(Dataset content)
──────────────────────────────

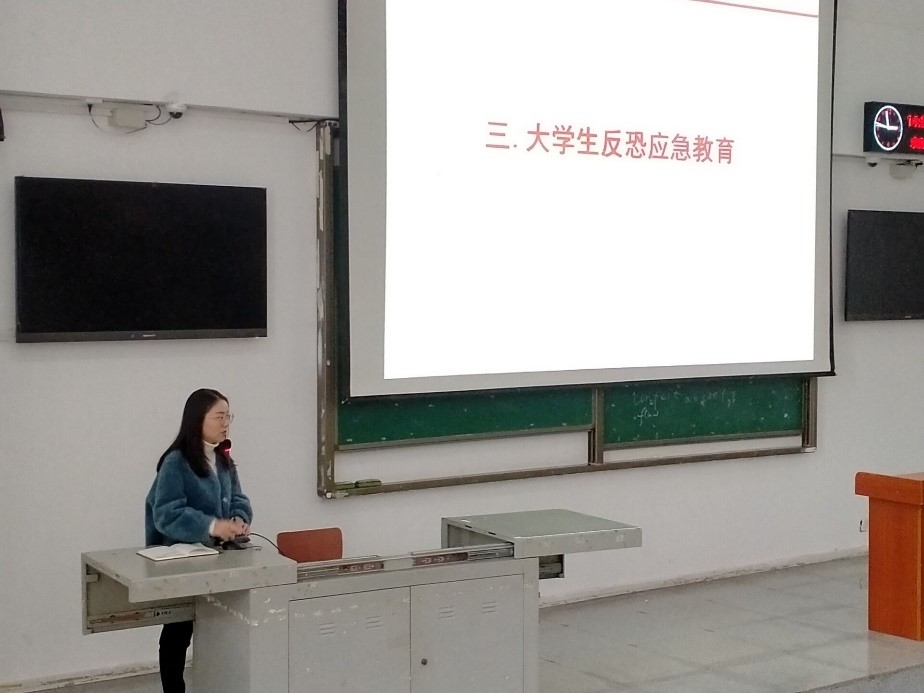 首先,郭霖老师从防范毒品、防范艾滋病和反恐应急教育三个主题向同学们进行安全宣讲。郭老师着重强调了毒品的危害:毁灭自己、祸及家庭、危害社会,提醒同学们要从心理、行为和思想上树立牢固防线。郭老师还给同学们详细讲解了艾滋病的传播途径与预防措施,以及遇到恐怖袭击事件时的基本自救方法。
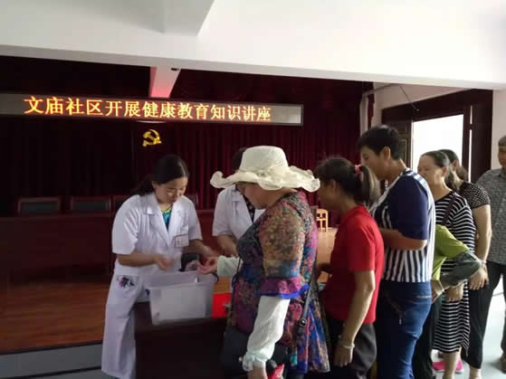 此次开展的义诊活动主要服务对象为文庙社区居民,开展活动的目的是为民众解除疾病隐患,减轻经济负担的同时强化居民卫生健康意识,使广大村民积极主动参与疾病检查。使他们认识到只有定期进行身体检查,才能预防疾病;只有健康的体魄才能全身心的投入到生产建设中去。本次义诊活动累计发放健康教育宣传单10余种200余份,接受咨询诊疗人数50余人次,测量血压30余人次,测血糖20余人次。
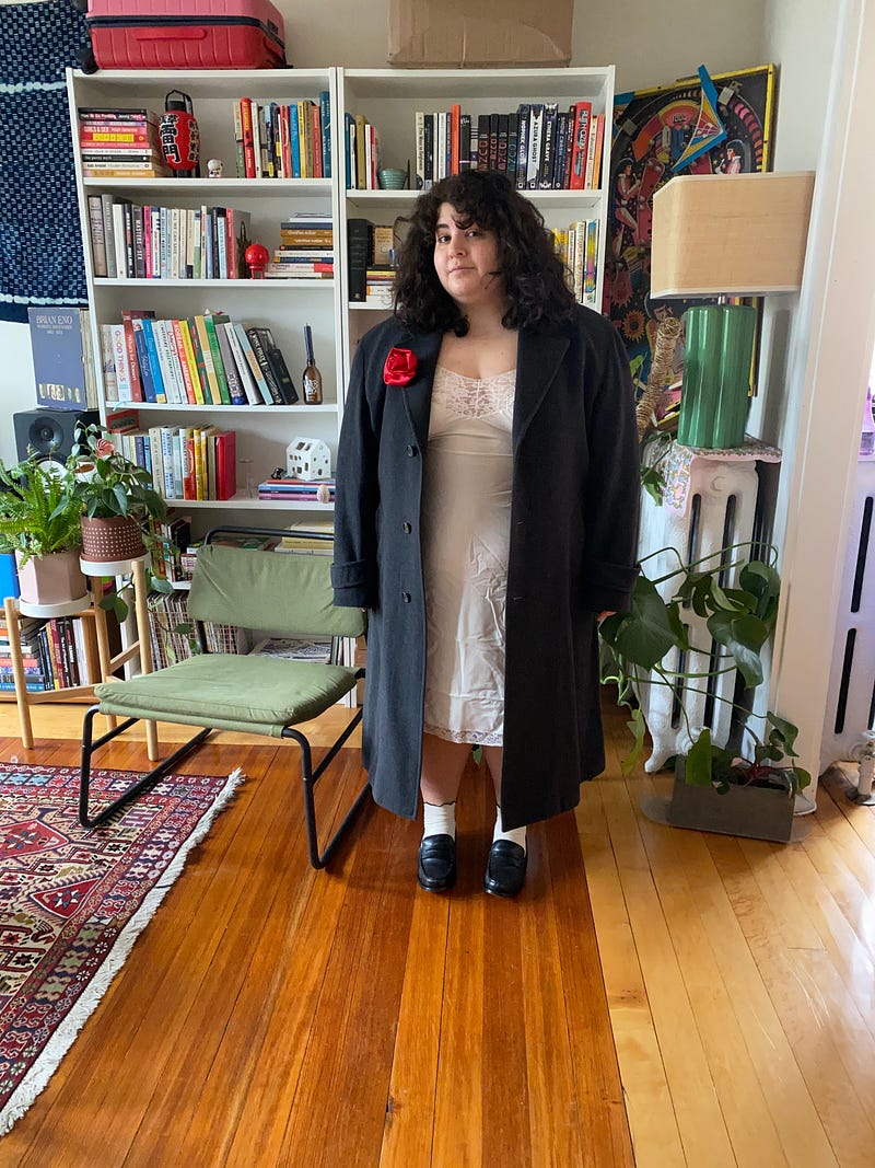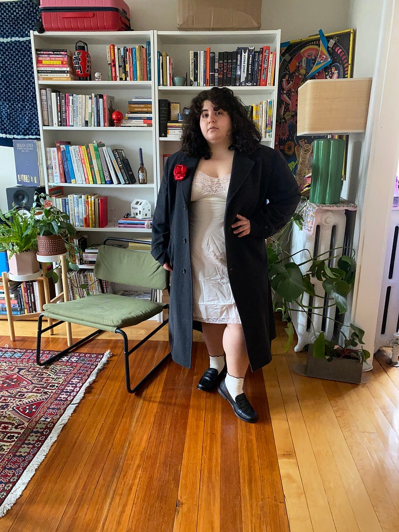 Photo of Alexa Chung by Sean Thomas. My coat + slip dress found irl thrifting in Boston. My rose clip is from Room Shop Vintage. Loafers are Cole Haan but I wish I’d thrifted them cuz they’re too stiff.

──────────────────────────────

Copy out the lines above unchanged. Skip the images.

(Task output)
 首先,郭霖老师从防范毒品、防范艾滋病和反恐应急教育三个主题向同学们进行安全宣讲。郭老师着重强调了毒品的危害:毁灭自己、祸及家庭、危害社会,提醒同学们要从心理、行为和思想上树立牢固防线。郭老师还给同学们详细讲解了艾滋病的传播途径与预防措施,以及遇到恐怖袭击事件时的基本自救方法。
 此次开展的义诊活动主要服务对象为文庙社区居民,开展活动的目的是为民众解除疾病隐患,减轻经济负担的同时强化居民卫生健康意识,使广大村民积极主动参与疾病检查。使他们认识到只有定期进行身体检查,才能预防疾病;只有健康的体魄才能全身心的投入到生产建设中去。本次义诊活动累计发放健康教育宣传单10余种200余份,接受咨询诊疗人数50余人次,测量血压30余人次,测血糖20余人次。
 Photo of Alexa Chung by Sean Thomas. My coat + slip dress found irl thrifting in Boston. My rose clip is from Room Shop Vintage. Loafers are Cole Haan but I wish I’d thrifted them cuz they’re too stiff.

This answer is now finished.